## Recorded data
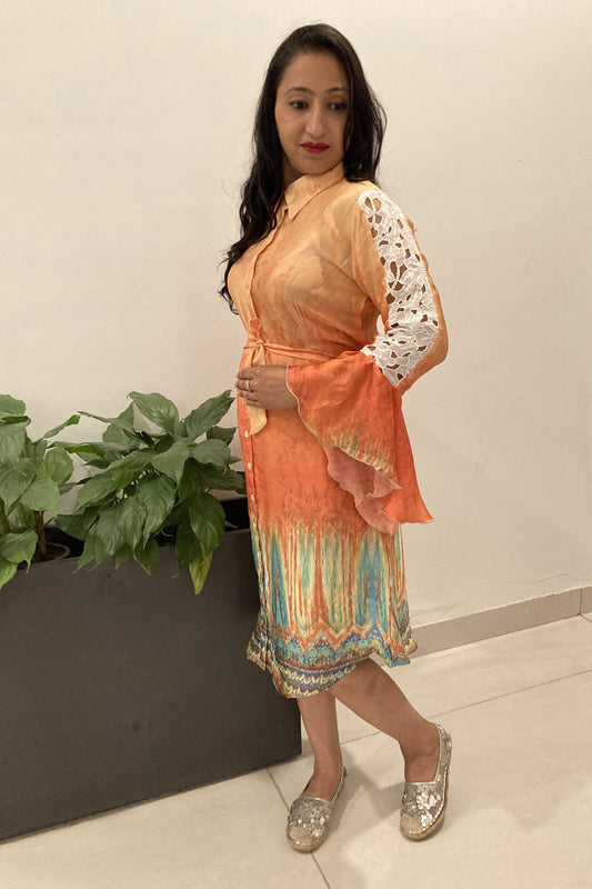 37% OFFPeach Indowestern Kurti Set
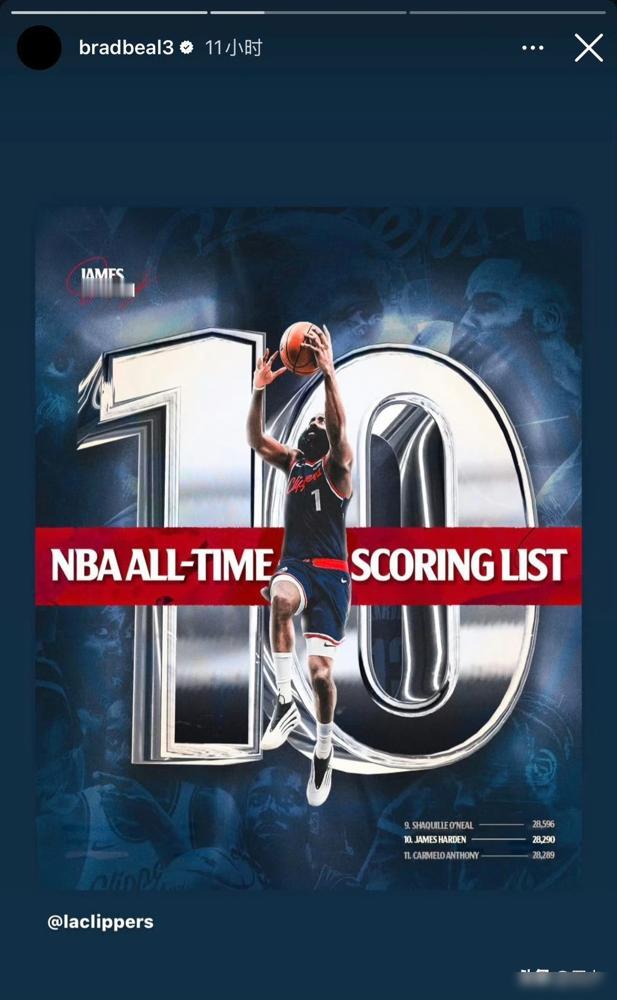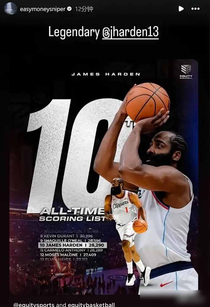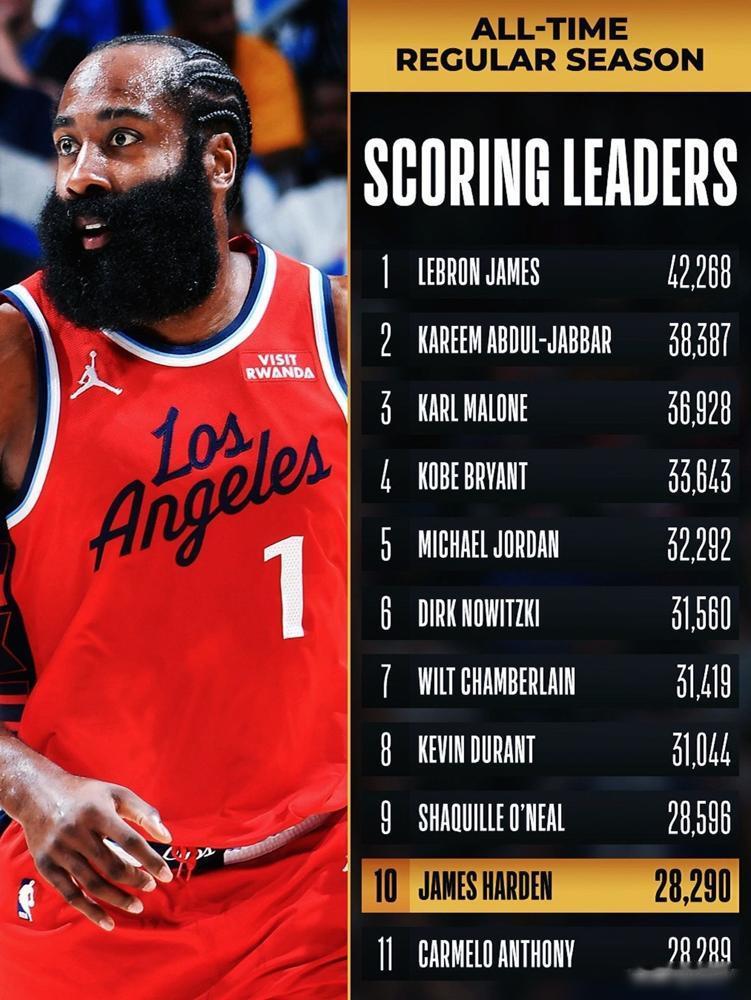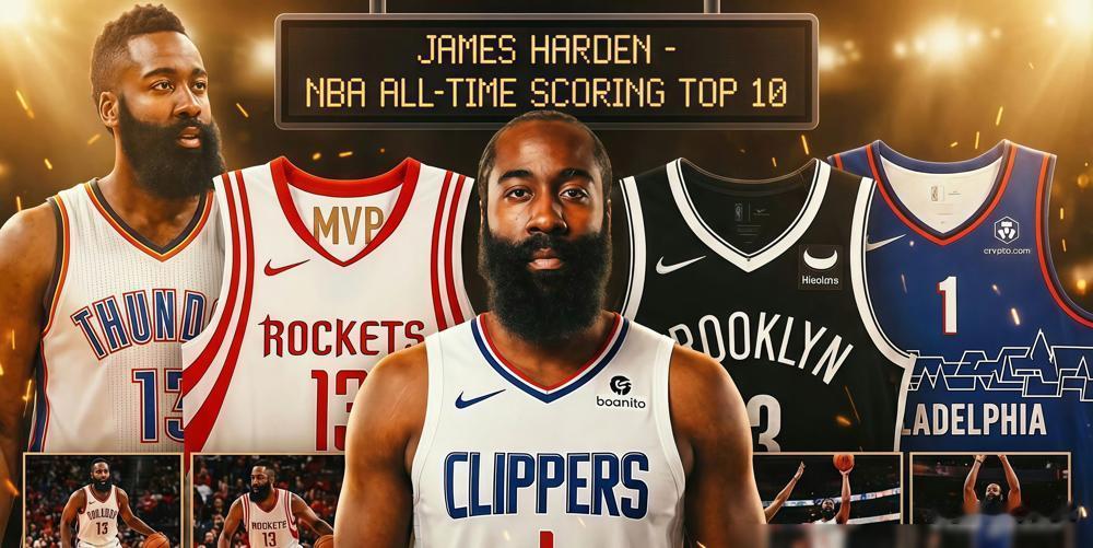 其次,前十得分手中,只有三位是后卫出身,哈登荣幸和乔丹、科比并列,现役就登哥一人,实属难得! 现役独一份,这份荣耀,沉甸甸的。 这家伙的篮球路,压根就不是什么天选之子的剧本。 贫民窟的出身,哮喘病的困扰,每一项都像是要把他按在原地。 可他偏不,用一次次后撤步,一步步后撤,撤出了属于自己的广阔天地。 当别的天才靠着飞天遁地碾压对手时,哈登选择用最纯粹的脑子打球,他把地板流技术打磨到了极致,一种看似笨拙却无比聪明的生存哲学。 看看那份榜单吧,勒布朗、贾巴尔、马龙……哪个不是身高臂长、天赋异禀的怪物? 哈登自己都坦言惊讶,“他们都比我高大得多,也比我更有运动天赋。 ”这份清醒的谦逊,比任何豪言壮语都更有力量。 他是在用另一种方式重新定义“天赋”,篮球智商、节奏掌控、创造空间的能力,这些同样是顶级的天赋。 他的成功,给无数身体条件并不出众的孩子点亮了一盏灯,篮球,不全是关于你能跳多高。 说到后撤步三分,这已经不再是他的个人标签,而是整个篮球时代的印记。 全球的野球场,你都能看到孩子们模仿着他的动作。 三十六岁的年纪,他反而打出了生涯代表作,快船对阵森林狼一役,他轰下34分5篮板6助攻的全面数据,用实际表现告诉世界,巅峰从未远离。 NBA官方都不得不承认,哈登是那个顺应潮流并亲手塑造潮流的人。 站在历史得分榜前十的门槛上,哈登的旅程远未结束。 他的每一次得分,都在为后来者拓宽想象的边界。 这个从底层挣扎上来的巨星,用他的故事诠释了何为真正的逆袭。 他的传奇,仍在继续书写。
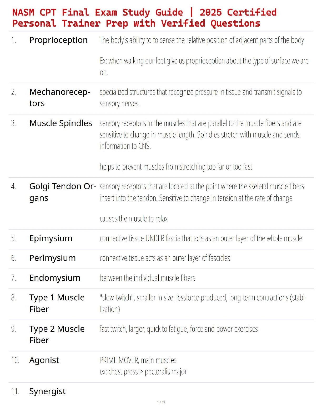 *NURSING > STUDY GUIDE > NASM CPT Final Exam Study Guide | 2025 Certified Personal Trainer Prep with Verified Questions
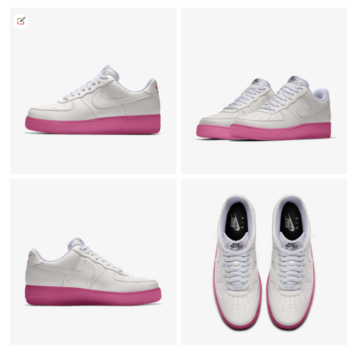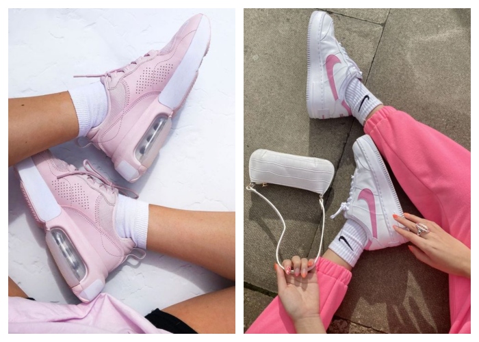女生必备的白色鞋款飞Air Force 1 莫属,BUT,如果有粉红色的鞋底感觉就更加不能不收了!鞋面采用全白设计,厚底则以糖果粉红呈现,完全是超级显比例的选择。(这款鞋可以制定哦,所以还能选粉红色Nike 勾勾~)

## Task
Give again the lines from the line that contains "with Verified Questions" through the last line of the material above, exactly and with both ends included. Omit the pictures.

## Solved exercise
 *NURSING > STUDY GUIDE > NASM CPT Final Exam Study Guide | 2025 Certified Personal Trainer Prep with Verified Questions
女生必备的白色鞋款飞Air Force 1 莫属,BUT,如果有粉红色的鞋底感觉就更加不能不收了!鞋面采用全白设计,厚底则以糖果粉红呈现,完全是超级显比例的选择。(这款鞋可以制定哦,所以还能选粉红色Nike 勾勾~)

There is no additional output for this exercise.